My soul and yours - O, hand in hand let us fare forth, two ghosts, Into the ghostliness, The infinite and abounding solitudes, Beyond—O, beyond!—beyond …

Here in the porch Upon the multitudinous silences Of the kingdoms of the grave, We twain are you and I—two ghosts Omnipotence Can touch no more … no more!

 

XXI

 

When the wind storms by with a shout, and the stern sea-caves Rejoice in the tramp and the roar of onsetting waves, Then, then, it comes home to the heart that the top of life Is the passion that burns the blood in the act of strife - Till you pity the dead down there in their quiet graves.

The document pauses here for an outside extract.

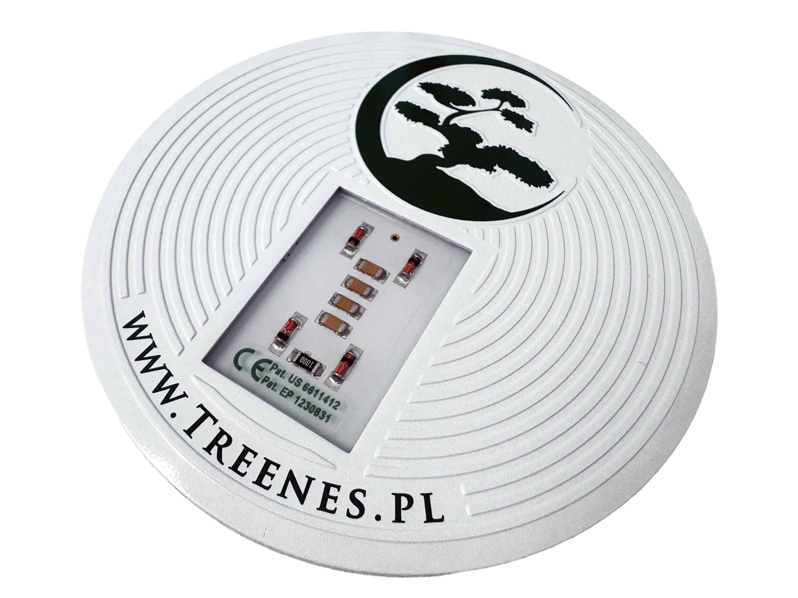 Absorber Treenes Extra Slim – nowoczesna ochrona przed smogiem elektromagnetycznym. Kompaktowy, wodoszczelny, zasięg 16 m², 360°.

But to drowse with the fen behind and the fog before, When the rain-rot spreads and a tame sea mumbles the shore, Not to adventure, none to fight, no right and no wrong, Sons of the Sword heart-sick for a stave of your sire’s old song - O, you envy the blessed death that can live no more!

 

XXII

 

Trees and the menace of night; Then a long, lonely, leaden mere Backed by a desolate fell, As by a spectral battlement; and then, Low-brooding, interpenetrating all, A vast, gray, listless, inexpressive sky, So beggared, so incredibly bereft Of starlight and the song of racing worlds, It might have bellied down upon the Void Where as in terror Light was beginning to be.

Hist! In the trees fulfilled of night (Night and the wretchedness of the sky) Is it the hurry of the rain? Or the noise of a drive of the Dead, Streaming before the irresistible Will Through the strange dusk of this, the Debateable Land Between their place and ours?

Like the forgetfulness Of the work-a-day world made visible, A mist falls from the melancholy sky. A messenger from some lost and loving soul, Hopeless, far wandered, dazed Here in the provinces of life, A great white moth fades miserably past.

Thro’ the trees in the strange dead night, Under the vast dead sky, Forgetting and forgot, a drift of Dead Sets to the mystic mere, the phantom fell, And the unimagined vastitudes beyond.

 

XXIII—To P. A. G.

 

Here they trysted, here they strayed, In the leafage dewy and boon, Many a man and many a maid, And the morn was merry June. ‘Death is fleet, Life is sweet,’ Sang the blackbird in the may; And the hour with flying feet, While they dreamed, was yesterday.

Many a maid and many a man Found the leafage close and boon; Many a destiny began - O, the morn was merry June! Dead and gone, dead and gone, (Hark the blackbird in the may!), Life and Death went hurrying on, Cheek on cheek—and where were they?

Dust on dust engendering dust In the leafage fresh and boon, Man and maid fulfil their trust - Still the morn turns merry June. Mother Life, Father Death (O, the blackbird in the may!), Each the other’s breath for breath, Fleet the times of the world away.

 

XXIV—To A. C.

 

Not to the staring Day, For all the importunate questionings he pursues In his big, violent voice, Shall those mild things of bulk and multitude, The Trees—God’s sentinels Over His gift of live, life-giving air, Yield of their huge, unutterable selves. Midsummer-manifold, each one Voluminous, a labyrinth of life, They keep their greenest musings, and the dim dreams That haunt their leafier privacies, Dissembled, baffling the random gapeseed still With blank full-faces, or the innocent guile Of laughter flickering back from shine to shade, And disappearances of homing birds, And frolicsome freaks Of little boughs that frisk with little boughs.

But at the word Of the ancient, sacerdotal Night, Night of the many secrets, whose effect - Transfiguring, hierophantic, dread - Themselves alone may fully apprehend, They tremble and are changed.